• _Work to complete_
Your answer must be the listing repeated word for word, without its pictures.

**** Data for the task ****

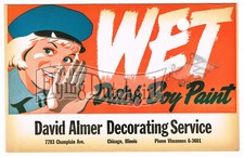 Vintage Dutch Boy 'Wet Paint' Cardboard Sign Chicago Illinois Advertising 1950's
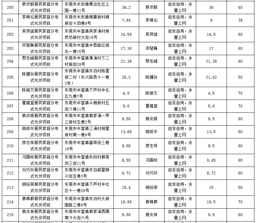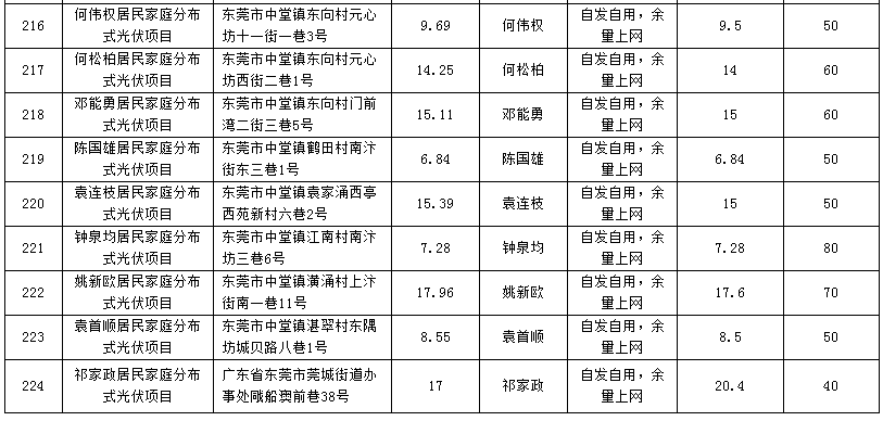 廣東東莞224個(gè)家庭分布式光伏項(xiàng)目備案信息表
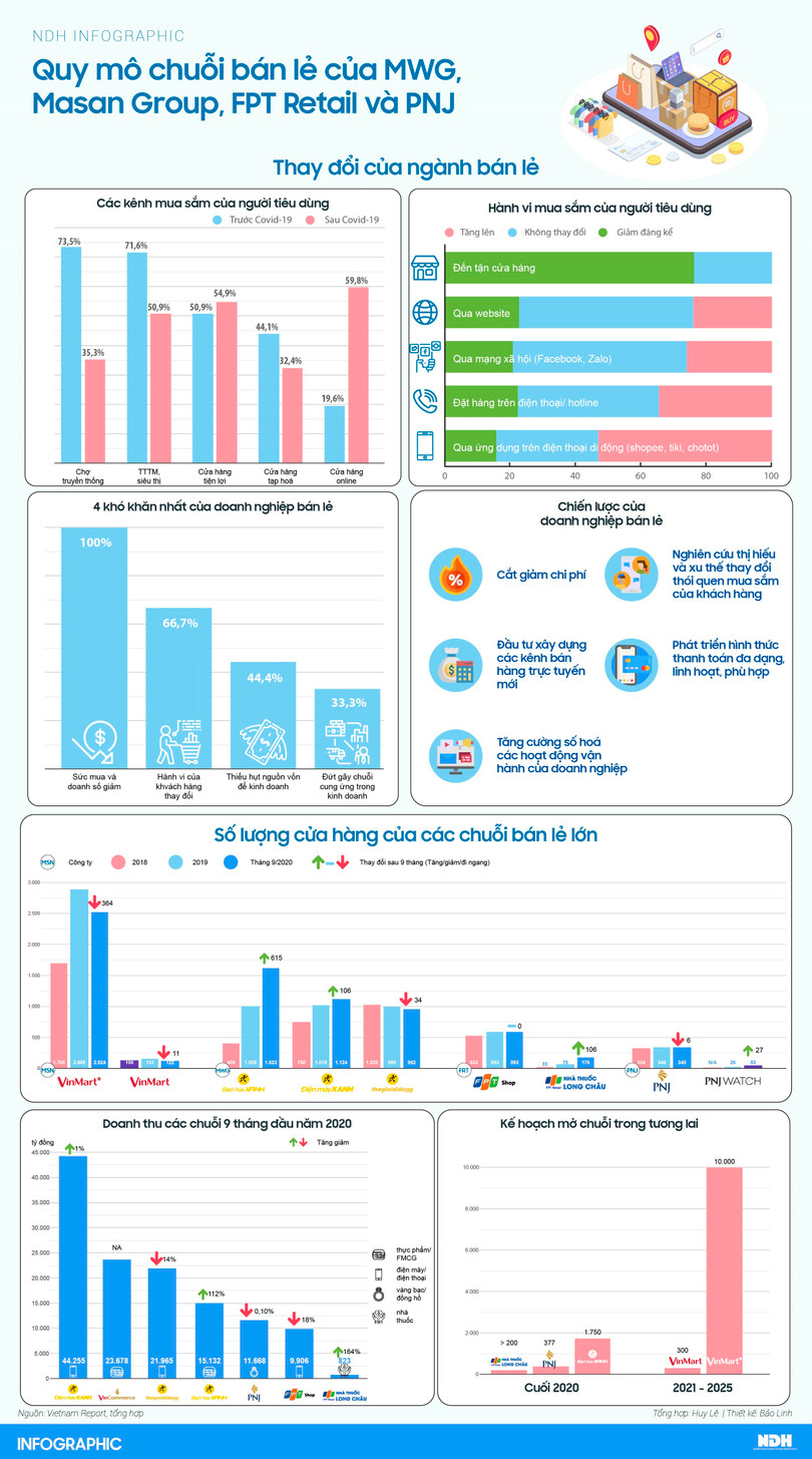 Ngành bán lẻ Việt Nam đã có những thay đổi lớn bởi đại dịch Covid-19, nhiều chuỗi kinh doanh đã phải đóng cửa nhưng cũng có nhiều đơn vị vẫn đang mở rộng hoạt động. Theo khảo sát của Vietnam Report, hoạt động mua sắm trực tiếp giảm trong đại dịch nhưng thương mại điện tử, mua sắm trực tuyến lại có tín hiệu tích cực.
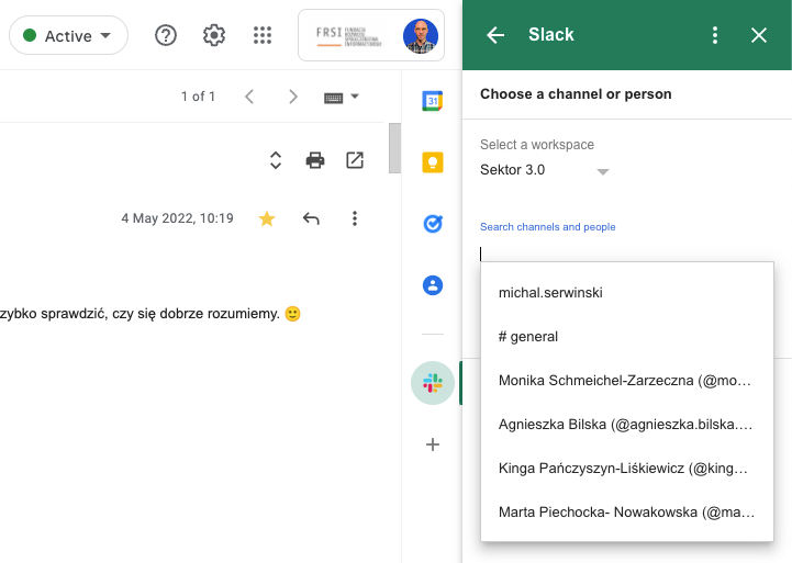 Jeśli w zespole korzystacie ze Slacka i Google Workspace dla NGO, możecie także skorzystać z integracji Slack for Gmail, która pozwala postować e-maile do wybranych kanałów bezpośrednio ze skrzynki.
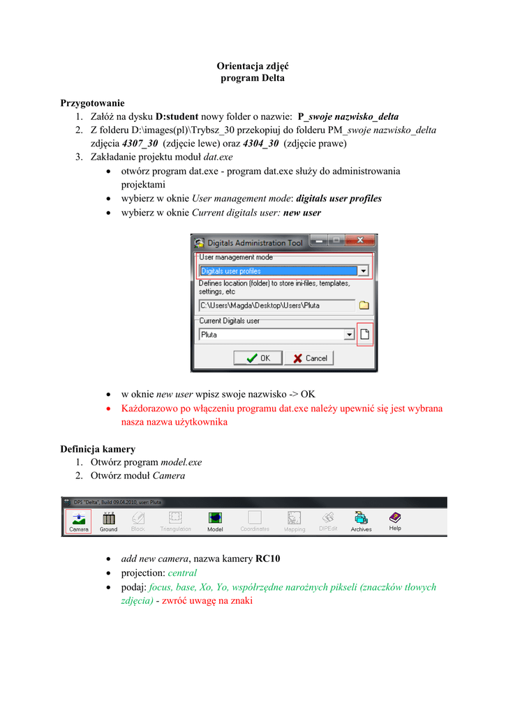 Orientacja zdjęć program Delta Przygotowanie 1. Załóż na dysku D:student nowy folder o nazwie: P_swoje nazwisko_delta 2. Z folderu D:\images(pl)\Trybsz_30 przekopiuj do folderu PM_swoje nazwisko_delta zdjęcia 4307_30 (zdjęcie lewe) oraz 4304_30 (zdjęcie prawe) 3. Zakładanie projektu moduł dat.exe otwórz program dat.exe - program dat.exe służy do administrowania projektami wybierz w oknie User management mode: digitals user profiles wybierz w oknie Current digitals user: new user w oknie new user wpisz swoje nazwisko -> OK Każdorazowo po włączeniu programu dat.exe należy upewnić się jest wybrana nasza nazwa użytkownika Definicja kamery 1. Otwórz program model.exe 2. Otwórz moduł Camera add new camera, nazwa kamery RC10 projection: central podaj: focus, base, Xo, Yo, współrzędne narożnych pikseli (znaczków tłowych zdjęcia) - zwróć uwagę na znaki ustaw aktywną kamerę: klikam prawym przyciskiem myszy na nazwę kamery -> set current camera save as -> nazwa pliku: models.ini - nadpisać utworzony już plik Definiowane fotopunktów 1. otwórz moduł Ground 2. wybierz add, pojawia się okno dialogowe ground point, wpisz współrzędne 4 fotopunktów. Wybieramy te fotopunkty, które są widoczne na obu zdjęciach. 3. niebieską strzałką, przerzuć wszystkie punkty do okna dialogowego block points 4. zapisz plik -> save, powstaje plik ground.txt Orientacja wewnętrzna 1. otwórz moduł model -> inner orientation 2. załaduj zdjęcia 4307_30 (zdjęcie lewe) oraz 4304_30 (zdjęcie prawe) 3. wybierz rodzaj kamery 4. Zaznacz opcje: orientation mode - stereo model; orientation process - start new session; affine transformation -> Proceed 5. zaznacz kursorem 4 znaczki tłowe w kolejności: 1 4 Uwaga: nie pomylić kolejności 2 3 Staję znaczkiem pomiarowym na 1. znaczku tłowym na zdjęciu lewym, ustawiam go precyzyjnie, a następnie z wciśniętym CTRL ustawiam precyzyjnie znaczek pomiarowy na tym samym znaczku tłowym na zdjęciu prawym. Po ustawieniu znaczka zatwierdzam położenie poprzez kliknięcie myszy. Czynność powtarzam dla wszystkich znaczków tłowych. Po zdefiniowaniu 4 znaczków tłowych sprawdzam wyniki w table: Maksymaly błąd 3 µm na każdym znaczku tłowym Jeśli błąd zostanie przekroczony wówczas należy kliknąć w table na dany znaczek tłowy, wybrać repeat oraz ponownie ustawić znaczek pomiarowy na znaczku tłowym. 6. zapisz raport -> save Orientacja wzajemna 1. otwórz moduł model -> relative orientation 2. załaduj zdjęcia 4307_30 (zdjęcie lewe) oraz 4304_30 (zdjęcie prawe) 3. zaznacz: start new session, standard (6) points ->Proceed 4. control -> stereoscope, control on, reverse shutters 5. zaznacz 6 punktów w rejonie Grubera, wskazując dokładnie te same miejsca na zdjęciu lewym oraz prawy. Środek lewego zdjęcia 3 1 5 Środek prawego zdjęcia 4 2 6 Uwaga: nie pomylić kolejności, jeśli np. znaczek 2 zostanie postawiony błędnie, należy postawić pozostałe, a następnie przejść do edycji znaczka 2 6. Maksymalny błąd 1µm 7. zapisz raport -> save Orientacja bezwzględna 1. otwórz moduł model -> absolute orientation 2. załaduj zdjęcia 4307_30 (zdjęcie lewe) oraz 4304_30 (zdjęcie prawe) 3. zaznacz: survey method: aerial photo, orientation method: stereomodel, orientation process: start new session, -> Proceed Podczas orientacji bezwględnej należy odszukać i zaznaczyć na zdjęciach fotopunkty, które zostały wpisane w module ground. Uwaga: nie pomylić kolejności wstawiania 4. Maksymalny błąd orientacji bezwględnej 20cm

****

• _Response box_
 Vintage Dutch Boy 'Wet Paint' Cardboard Sign Chicago Illinois Advertising 1950's
 廣東東莞224個(gè)家庭分布式光伏項(xiàng)目備案信息表
 Ngành bán lẻ Việt Nam đã có những thay đổi lớn bởi đại dịch Covid-19, nhiều chuỗi kinh doanh đã phải đóng cửa nhưng cũng có nhiều đơn vị vẫn đang mở rộng hoạt động. Theo khảo sát của Vietnam Report, hoạt động mua sắm trực tiếp giảm trong đại dịch nhưng thương mại điện tử, mua sắm trực tuyến lại có tín hiệu tích cực.
 Jeśli w zespole korzystacie ze Slacka i Google Workspace dla NGO, możecie także skorzystać z integracji Slack for Gmail, która pozwala postować e-maile do wybranych kanałów bezpośrednio ze skrzynki.
 Orientacja zdjęć program Delta Przygotowanie 1. Załóż na dysku D:student nowy folder o nazwie: P_swoje nazwisko_delta 2. Z folderu D:\images(pl)\Trybsz_30 przekopiuj do folderu PM_swoje nazwisko_delta zdjęcia 4307_30 (zdjęcie lewe) oraz 4304_30 (zdjęcie prawe) 3. Zakładanie projektu moduł dat.exe otwórz program dat.exe - program dat.exe służy do administrowania projektami wybierz w oknie User management mode: digitals user profiles wybierz w oknie Current digitals user: new user w oknie new user wpisz swoje nazwisko -> OK Każdorazowo po włączeniu programu dat.exe należy upewnić się jest wybrana nasza nazwa użytkownika Definicja kamery 1. Otwórz program model.exe 2. Otwórz moduł Camera add new camera, nazwa kamery RC10 projection: central podaj: focus, base, Xo, Yo, współrzędne narożnych pikseli (znaczków tłowych zdjęcia) - zwróć uwagę na znaki ustaw aktywną kamerę: klikam prawym przyciskiem myszy na nazwę kamery -> set current camera save as -> nazwa pliku: models.ini - nadpisać utworzony już plik Definiowane fotopunktów 1. otwórz moduł Ground 2. wybierz add, pojawia się okno dialogowe ground point, wpisz współrzędne 4 fotopunktów. Wybieramy te fotopunkty, które są widoczne na obu zdjęciach. 3. niebieską strzałką, przerzuć wszystkie punkty do okna dialogowego block points 4. zapisz plik -> save, powstaje plik ground.txt Orientacja wewnętrzna 1. otwórz moduł model -> inner orientation 2. załaduj zdjęcia 4307_30 (zdjęcie lewe) oraz 4304_30 (zdjęcie prawe) 3. wybierz rodzaj kamery 4. Zaznacz opcje: orientation mode - stereo model; orientation process - start new session; affine transformation -> Proceed 5. zaznacz kursorem 4 znaczki tłowe w kolejności: 1 4 Uwaga: nie pomylić kolejności 2 3 Staję znaczkiem pomiarowym na 1. znaczku tłowym na zdjęciu lewym, ustawiam go precyzyjnie, a następnie z wciśniętym CTRL ustawiam precyzyjnie znaczek pomiarowy na tym samym znaczku tłowym na zdjęciu prawym. Po ustawieniu znaczka zatwierdzam położenie poprzez kliknięcie myszy. Czynność powtarzam dla wszystkich znaczków tłowych. Po zdefiniowaniu 4 znaczków tłowych sprawdzam wyniki w table: Maksymaly błąd 3 µm na każdym znaczku tłowym Jeśli błąd zostanie przekroczony wówczas należy kliknąć w table na dany znaczek tłowy, wybrać repeat oraz ponownie ustawić znaczek pomiarowy na znaczku tłowym. 6. zapisz raport -> save Orientacja wzajemna 1. otwórz moduł model -> relative orientation 2. załaduj zdjęcia 4307_30 (zdjęcie lewe) oraz 4304_30 (zdjęcie prawe) 3. zaznacz: start new session, standard (6) points ->Proceed 4. control -> stereoscope, control on, reverse shutters 5. zaznacz 6 punktów w rejonie Grubera, wskazując dokładnie te same miejsca na zdjęciu lewym oraz prawy. Środek lewego zdjęcia 3 1 5 Środek prawego zdjęcia 4 2 6 Uwaga: nie pomylić kolejności, jeśli np. znaczek 2 zostanie postawiony błędnie, należy postawić pozostałe, a następnie przejść do edycji znaczka 2 6. Maksymalny błąd 1µm 7. zapisz raport -> save Orientacja bezwzględna 1. otwórz moduł model -> absolute orientation 2. załaduj zdjęcia 4307_30 (zdjęcie lewe) oraz 4304_30 (zdjęcie prawe) 3. zaznacz: survey method: aerial photo, orientation method: stereomodel, orientation process: start new session, -> Proceed Podczas orientacji bezwględnej należy odszukać i zaznaczyć na zdjęciach fotopunkty, które zostały wpisane w module ground. Uwaga: nie pomylić kolejności wstawiania 4. Maksymalny błąd orientacji bezwględnej 20cm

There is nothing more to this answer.